AVAILABLE DATA

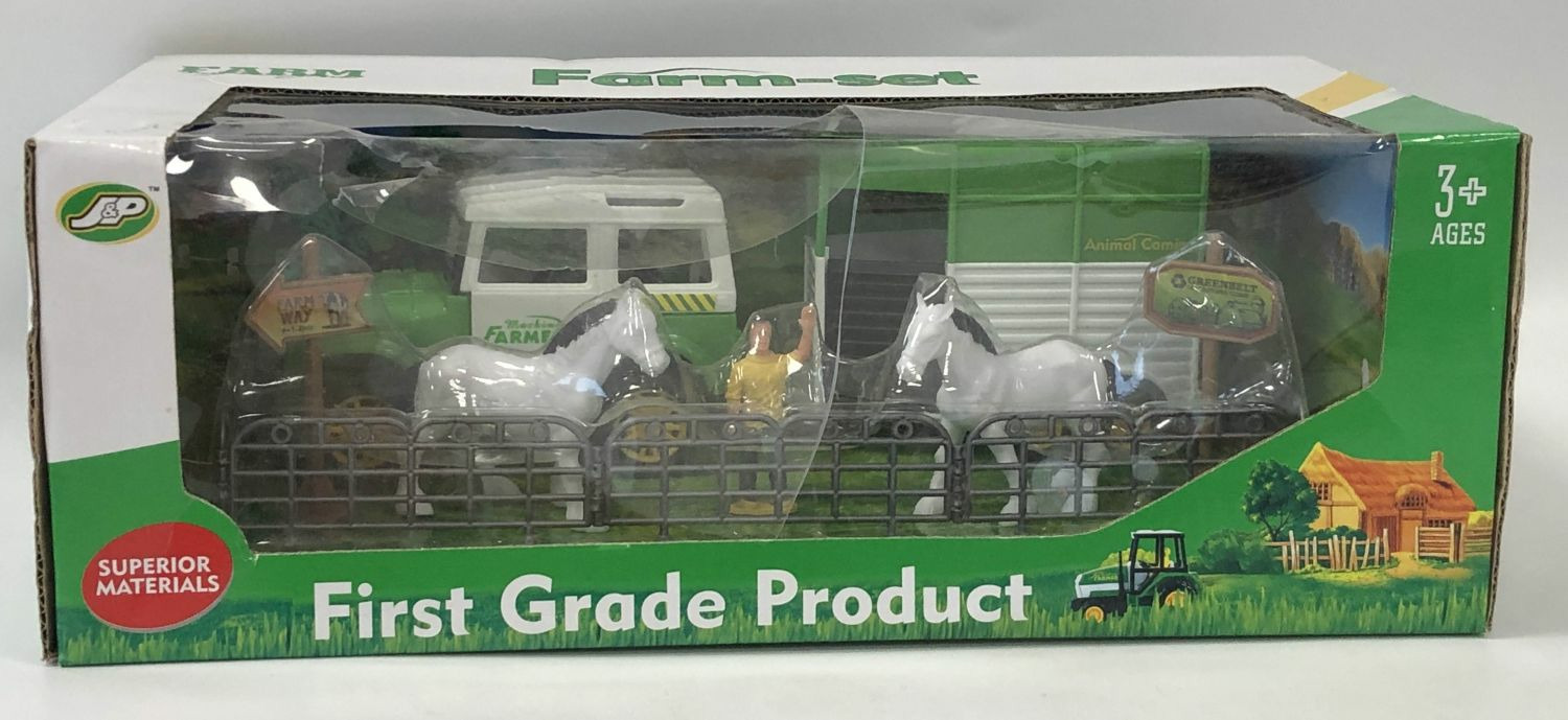 CONTENU : 1 tracteur avec remorque roues libres -1 fermier - des animaux et des accessoires -
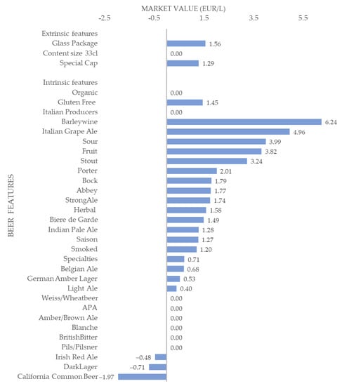 Lastly, a discount price of −3.81% (−0.48 EUR/L) was found for Irish Red Ale brewery style, −5.72% (−0.71 EUR/L) for Dark Lager, and −15.74% (−1.97 EUR/L) for the California Common beer styles. A potential explanation for the price discount associated with these beers could be related to their color: red and dark for the first two styles, respectively, and ranging from medium amber to light copper color for the California Common [50]. Studies pointed out as beer color is a good predictor of consumer interest, though in a different manner depending on the cultural context. According to Donadini et al. (2016) [54], in the Italian market (the same market object of this study) dark and red-colored beers are less preferred compared to gold-colored ones. In detail, the authors found that Italians like less dark-colored beers than light ones, instead gold-colored beer positively affects consumer interest to buy and willingness to pay which is twice that recorded for beers having a red color.
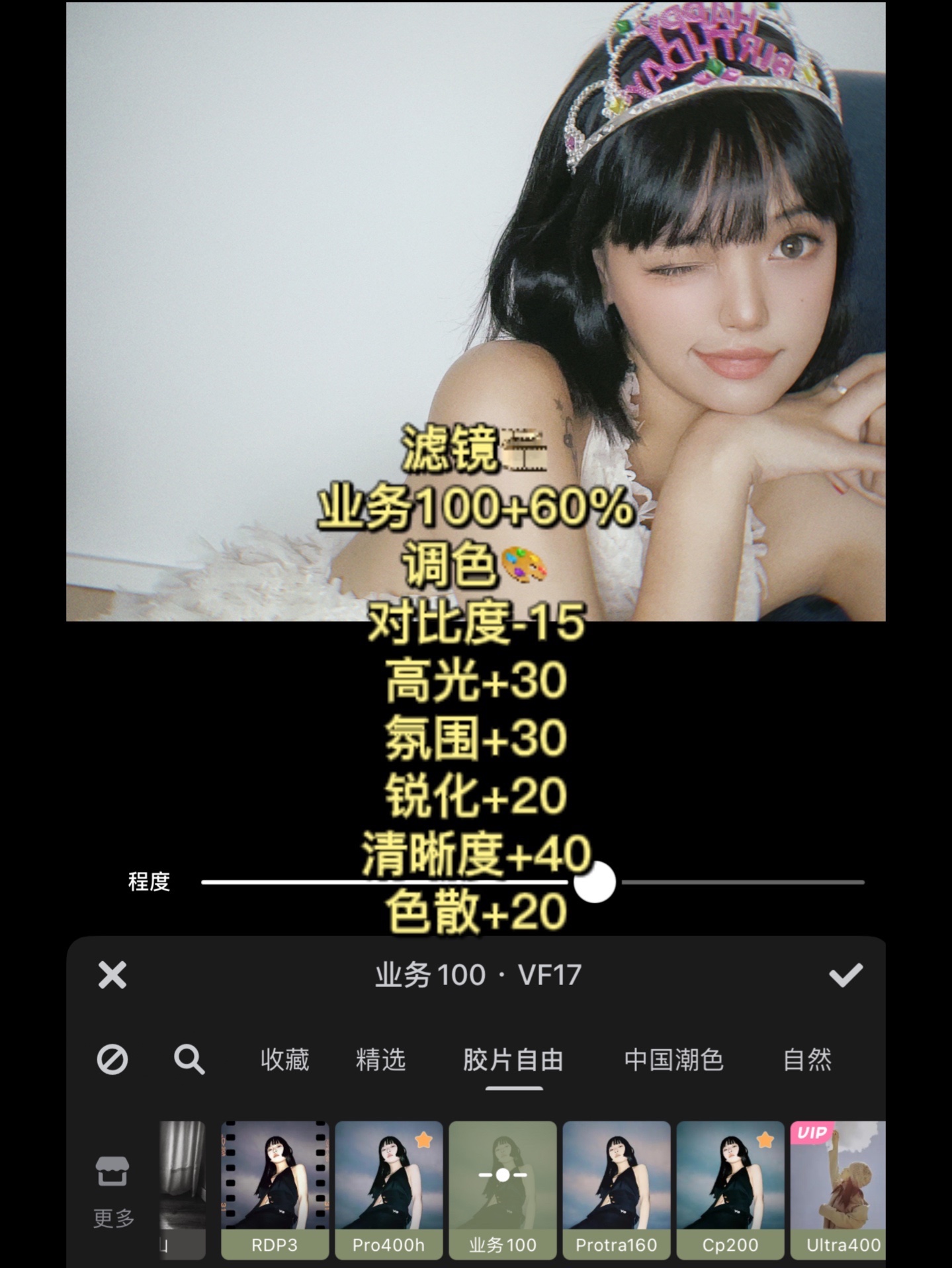 对比度-15高光+30氛围+30锐化+20清晰度+40色散+20

REQUIRED WORK
Print the material again, unchanged, without its pictures.

RESULT
 CONTENU : 1 tracteur avec remorque roues libres -1 fermier - des animaux et des accessoires -
 Lastly, a discount price of −3.81% (−0.48 EUR/L) was found for Irish Red Ale brewery style, −5.72% (−0.71 EUR/L) for Dark Lager, and −15.74% (−1.97 EUR/L) for the California Common beer styles. A potential explanation for the price discount associated with these beers could be related to their color: red and dark for the first two styles, respectively, and ranging from medium amber to light copper color for the California Common [50]. Studies pointed out as beer color is a good predictor of consumer interest, though in a different manner depending on the cultural context. According to Donadini et al. (2016) [54], in the Italian market (the same market object of this study) dark and red-colored beers are less preferred compared to gold-colored ones. In detail, the authors found that Italians like less dark-colored beers than light ones, instead gold-colored beer positively affects consumer interest to buy and willingness to pay which is twice that recorded for beers having a red color.
 对比度-15高光+30氛围+30锐化+20清晰度+40色散+20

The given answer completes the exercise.